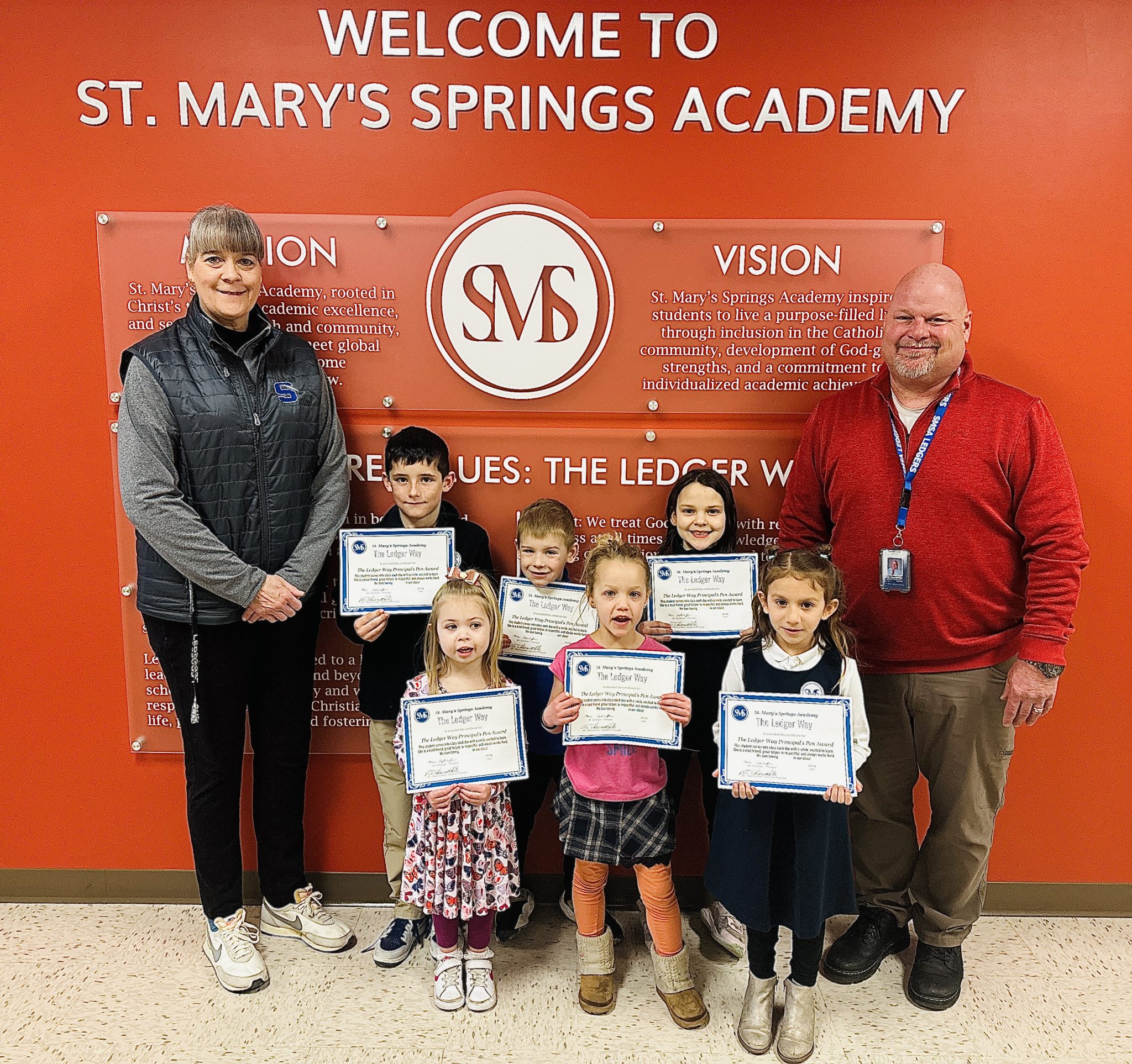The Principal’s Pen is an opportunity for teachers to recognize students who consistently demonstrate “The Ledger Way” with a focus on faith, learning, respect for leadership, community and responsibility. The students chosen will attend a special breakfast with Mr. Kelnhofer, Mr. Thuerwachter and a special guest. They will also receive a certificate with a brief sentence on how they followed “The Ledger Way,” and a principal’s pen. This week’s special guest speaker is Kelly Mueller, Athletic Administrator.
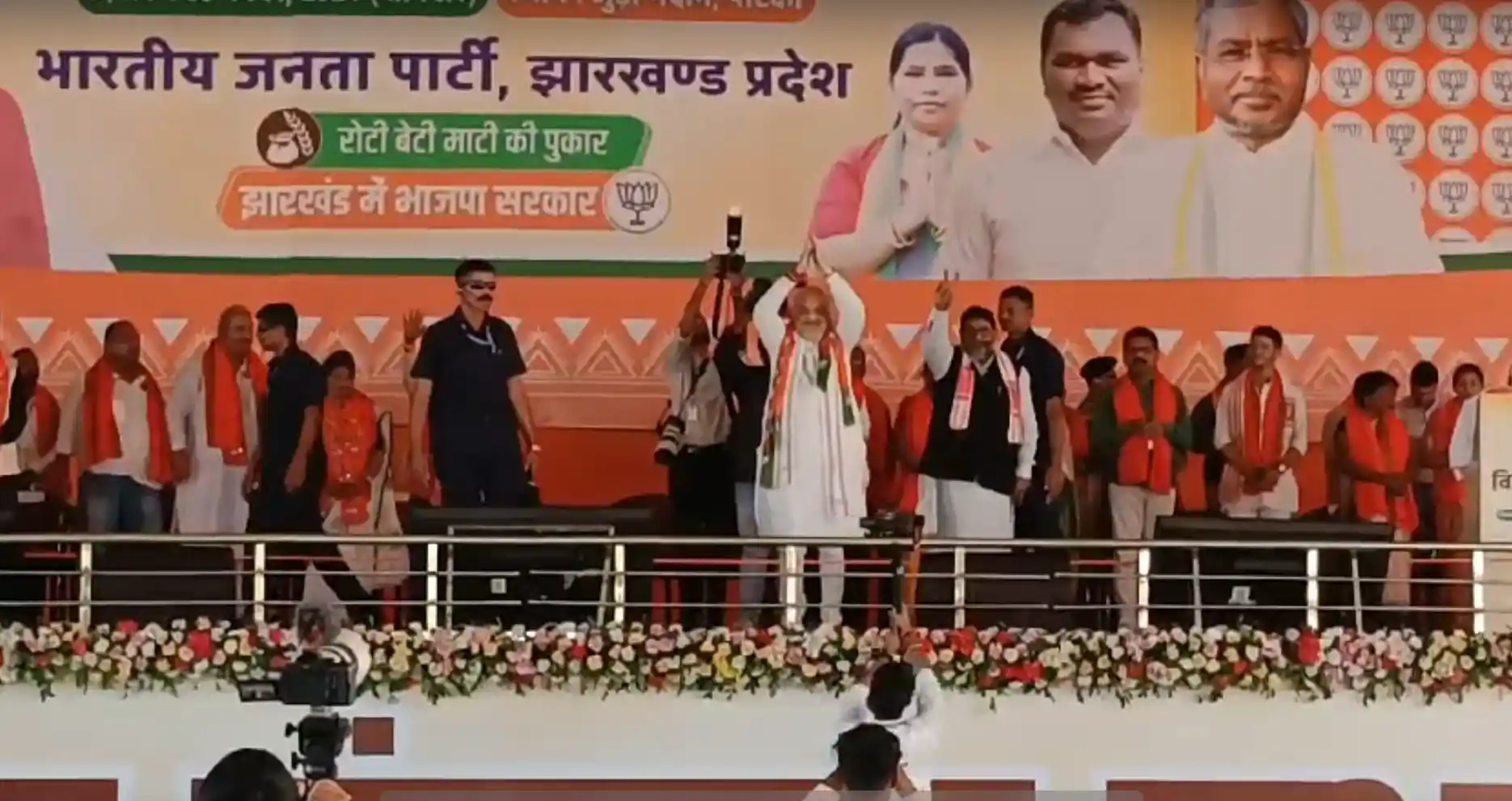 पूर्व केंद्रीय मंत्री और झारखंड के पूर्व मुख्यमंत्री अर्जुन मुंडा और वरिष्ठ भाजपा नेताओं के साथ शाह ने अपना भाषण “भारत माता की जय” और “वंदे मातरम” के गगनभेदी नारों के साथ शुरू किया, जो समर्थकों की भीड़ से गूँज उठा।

------------------------------

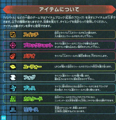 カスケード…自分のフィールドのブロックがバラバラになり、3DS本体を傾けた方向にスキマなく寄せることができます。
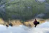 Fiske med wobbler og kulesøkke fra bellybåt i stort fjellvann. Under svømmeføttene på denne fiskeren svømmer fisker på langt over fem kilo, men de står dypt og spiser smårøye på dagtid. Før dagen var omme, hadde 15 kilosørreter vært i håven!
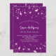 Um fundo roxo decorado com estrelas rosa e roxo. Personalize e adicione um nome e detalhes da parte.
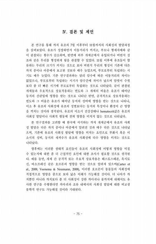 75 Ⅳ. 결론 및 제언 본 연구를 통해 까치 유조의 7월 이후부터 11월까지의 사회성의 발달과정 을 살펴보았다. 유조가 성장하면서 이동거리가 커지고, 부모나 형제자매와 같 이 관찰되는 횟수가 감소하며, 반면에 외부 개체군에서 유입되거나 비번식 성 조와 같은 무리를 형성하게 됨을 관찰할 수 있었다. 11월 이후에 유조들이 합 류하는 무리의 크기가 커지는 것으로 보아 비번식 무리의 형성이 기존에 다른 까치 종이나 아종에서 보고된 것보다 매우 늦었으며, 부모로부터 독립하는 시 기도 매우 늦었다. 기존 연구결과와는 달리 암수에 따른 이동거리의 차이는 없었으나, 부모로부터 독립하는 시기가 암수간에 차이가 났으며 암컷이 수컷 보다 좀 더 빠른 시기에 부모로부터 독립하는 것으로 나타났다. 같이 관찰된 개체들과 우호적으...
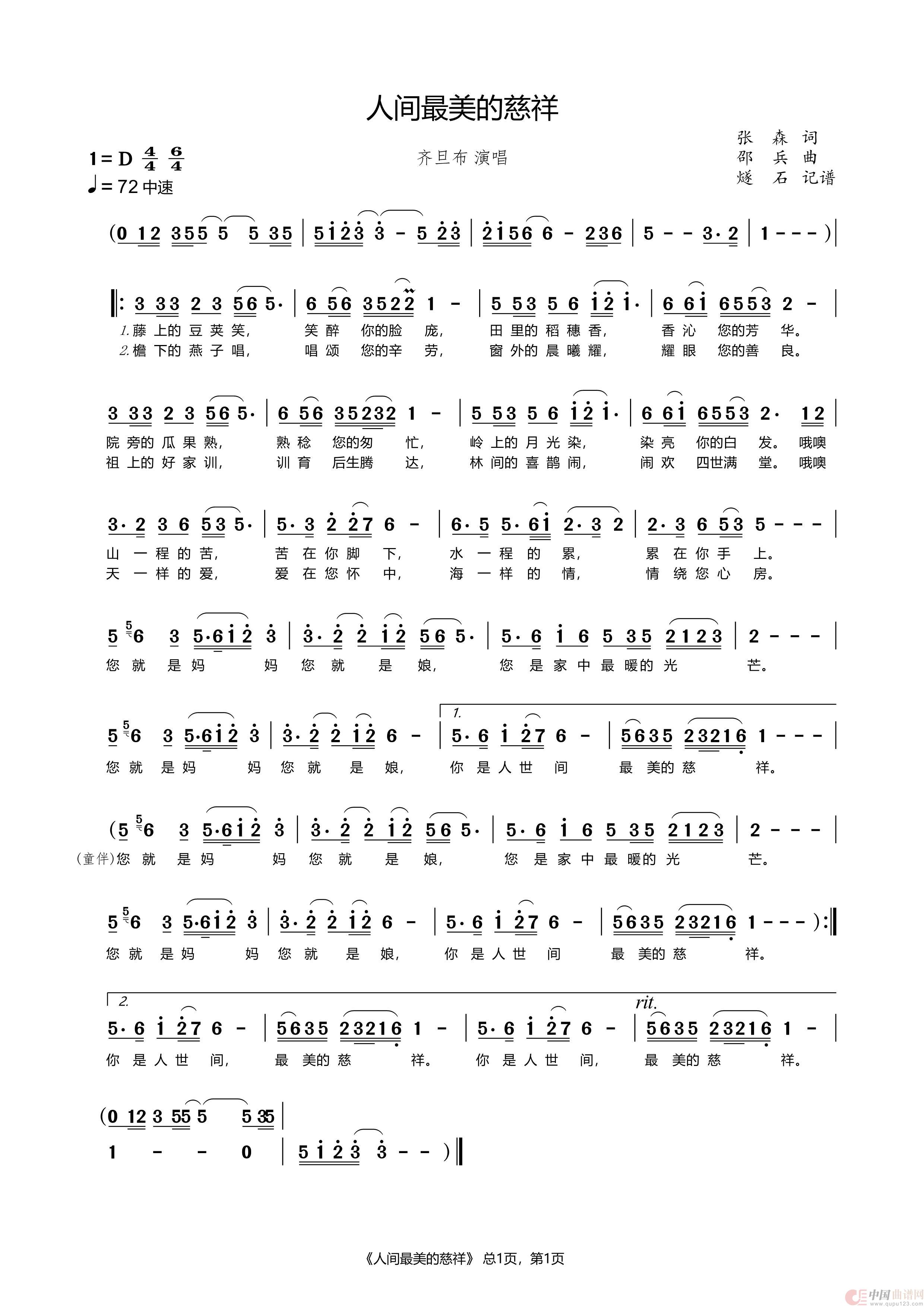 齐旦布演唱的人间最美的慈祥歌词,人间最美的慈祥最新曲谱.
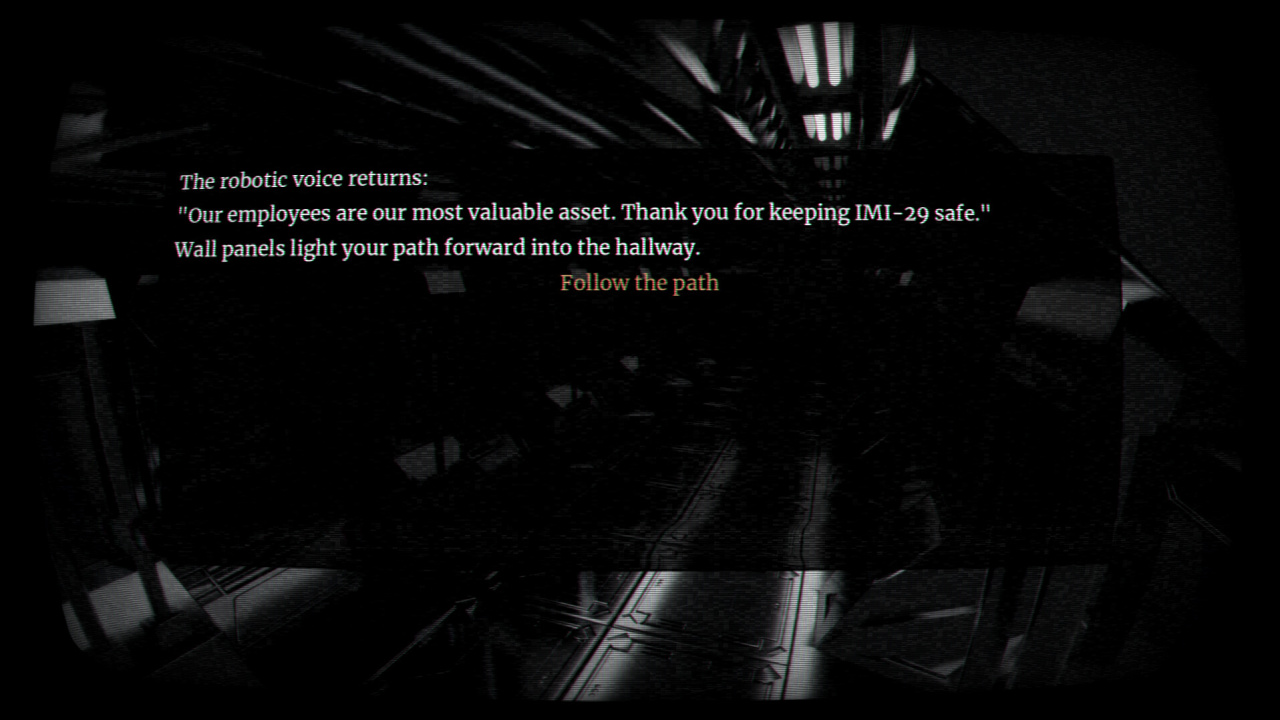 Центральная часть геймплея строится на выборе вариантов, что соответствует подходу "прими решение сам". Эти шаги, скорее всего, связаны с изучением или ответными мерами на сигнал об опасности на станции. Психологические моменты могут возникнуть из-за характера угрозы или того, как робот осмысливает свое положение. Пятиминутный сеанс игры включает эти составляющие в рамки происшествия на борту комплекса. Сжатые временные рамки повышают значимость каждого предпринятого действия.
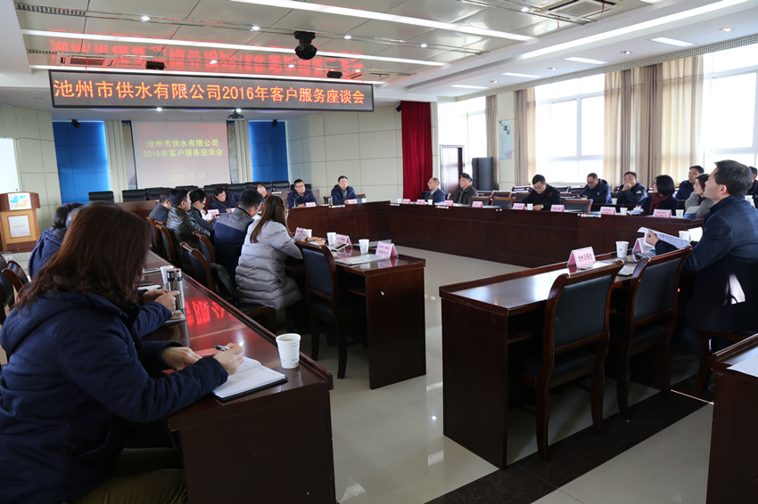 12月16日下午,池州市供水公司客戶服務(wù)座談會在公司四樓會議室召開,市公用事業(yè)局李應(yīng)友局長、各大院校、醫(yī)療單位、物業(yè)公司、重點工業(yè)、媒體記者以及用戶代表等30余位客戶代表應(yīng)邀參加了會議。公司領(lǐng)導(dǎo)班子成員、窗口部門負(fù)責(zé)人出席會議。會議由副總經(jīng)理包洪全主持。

------------------------------

What is expected:
Retype, exactly and with no pictures, everything above from the line with "75 Ⅳ. 결론 및 제언" down to the line with "12月16日下午,池州市供水", both included.

Answer for this exercise:
 75 Ⅳ. 결론 및 제언 본 연구를 통해 까치 유조의 7월 이후부터 11월까지의 사회성의 발달과정 을 살펴보았다. 유조가 성장하면서 이동거리가 커지고, 부모나 형제자매와 같 이 관찰되는 횟수가 감소하며, 반면에 외부 개체군에서 유입되거나 비번식 성 조와 같은 무리를 형성하게 됨을 관찰할 수 있었다. 11월 이후에 유조들이 합 류하는 무리의 크기가 커지는 것으로 보아 비번식 무리의 형성이 기존에 다른 까치 종이나 아종에서 보고된 것보다 매우 늦었으며, 부모로부터 독립하는 시 기도 매우 늦었다. 기존 연구결과와는 달리 암수에 따른 이동거리의 차이는 없었으나, 부모로부터 독립하는 시기가 암수간에 차이가 났으며 암컷이 수컷 보다 좀 더 빠른 시기에 부모로부터 독립하는 것으로 나타났다. 같이 관찰된 개체들과 우호적으...
 齐旦布演唱的人间最美的慈祥歌词,人间最美的慈祥最新曲谱.
 Центральная часть геймплея строится на выборе вариантов, что соответствует подходу "прими решение сам". Эти шаги, скорее всего, связаны с изучением или ответными мерами на сигнал об опасности на станции. Психологические моменты могут возникнуть из-за характера угрозы или того, как робот осмысливает свое положение. Пятиминутный сеанс игры включает эти составляющие в рамки происшествия на борту комплекса. Сжатые временные рамки повышают значимость каждого предпринятого действия.
 12月16日下午,池州市供水公司客戶服務(wù)座談會在公司四樓會議室召開,市公用事業(yè)局李應(yīng)友局長、各大院校、醫(yī)療單位、物業(yè)公司、重點工業(yè)、媒體記者以及用戶代表等30余位客戶代表應(yīng)邀參加了會議。公司領(lǐng)導(dǎo)班子成員、窗口部門負(fù)責(zé)人出席會議。會議由副總經(jīng)理包洪全主持。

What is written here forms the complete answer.